(Entries taken from a collection)

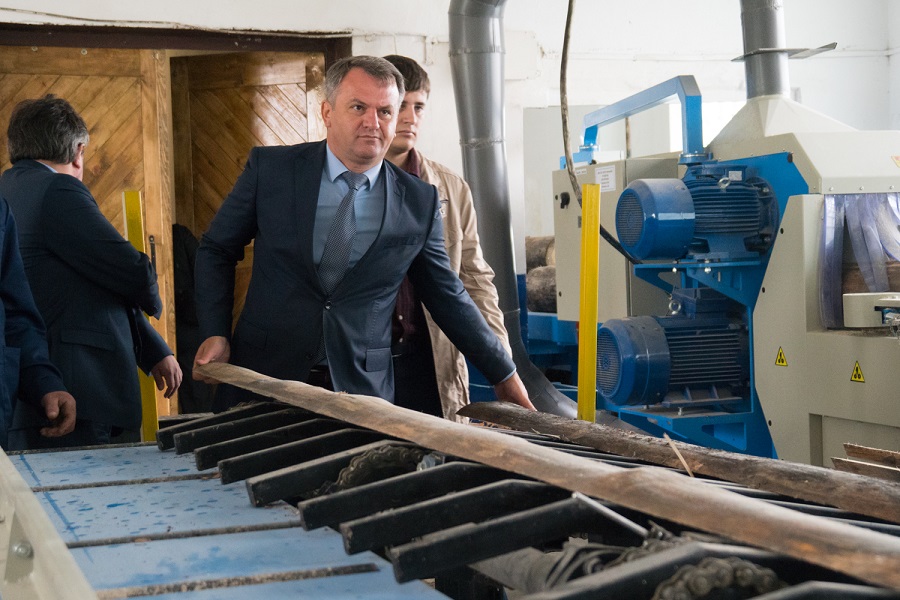 Під час відкриття нових потужностей ДП «Буський лісгосп» Олег Синютка випробував, як працює нова лісопильна лінія (серпень 2017 року, фото ЛОДА)
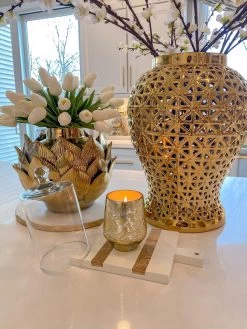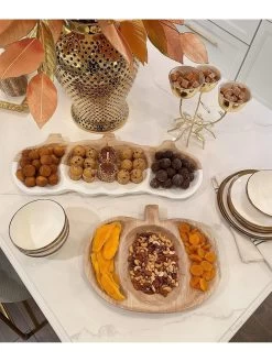 White Ceramic Tray With Gold Textured Design Handles ” From Pops Of Color Home Collection”
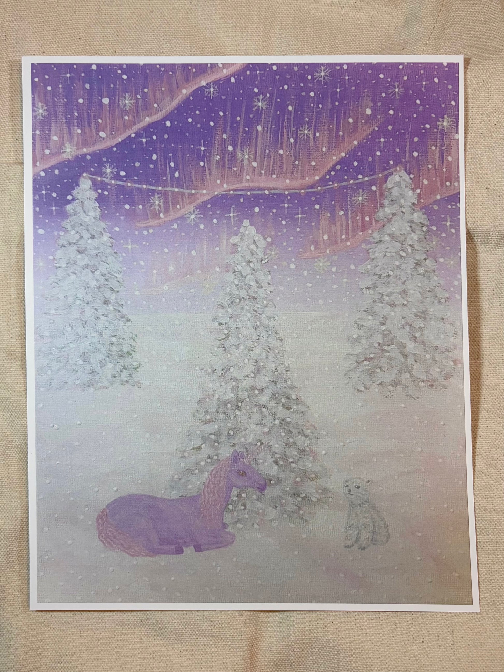 A winter scenery with a purple unicorn and baby polar bear hanging out under pink auroras.
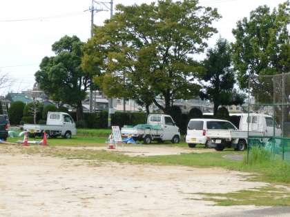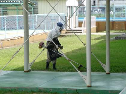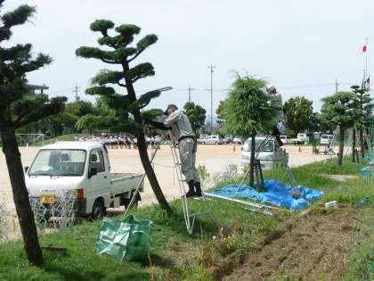 シルバー人材センターからたくさんのかたに来ていただいて、木の剪定と草刈りをしてもらっています。
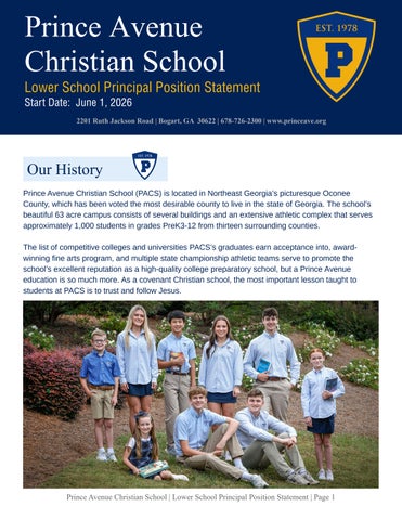 We seek a lower school principal who excels at buildi meaningful relationships with students who is also an effective instructional leader, administrator, and communicator Prince Avenue Christian School serve approximately 1,000 students in grades PreK-3 throug with 446 students in the lower school taught and disci by a dedicated faculty of 53 teachers.
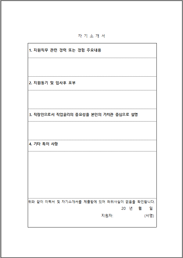 자기소개서 양식 무료 서식 공유, 무료 자기소개서 양식 다운로드, 합격 자기소개서 샘플, 자소서 기본 양식 서식, 심플한 자기소개서 무료 서식 등을 찾는 분들을 위해 취업과 이직의 핵심 서류인 자기소개서 표준 양식을 정리했습니다. 이력서가 본인의 궤적을 보여준다면 자기소개서는 본인의 잠재력과 직무 적합성을 어필하는 도구인 만큼, 자기소개서 양식 무료 서식 공유 자료를 활용하여 인사 담당자의 마음을 움직이는 나만의 스토리를 완성하시기 바랍니다.

Task statement: Could the lines from the first entry through the line that contains "シルバー人材センターからたく" be copied exactly, with all pictures left out?

Exercise solution:
 Під час відкриття нових потужностей ДП «Буський лісгосп» Олег Синютка випробував, як працює нова лісопильна лінія (серпень 2017 року, фото ЛОДА)
 White Ceramic Tray With Gold Textured Design Handles ” From Pops Of Color Home Collection”
 A winter scenery with a purple unicorn and baby polar bear hanging out under pink auroras.
 シルバー人材センターからたくさんのかたに来ていただいて、木の剪定と草刈りをしてもらっています。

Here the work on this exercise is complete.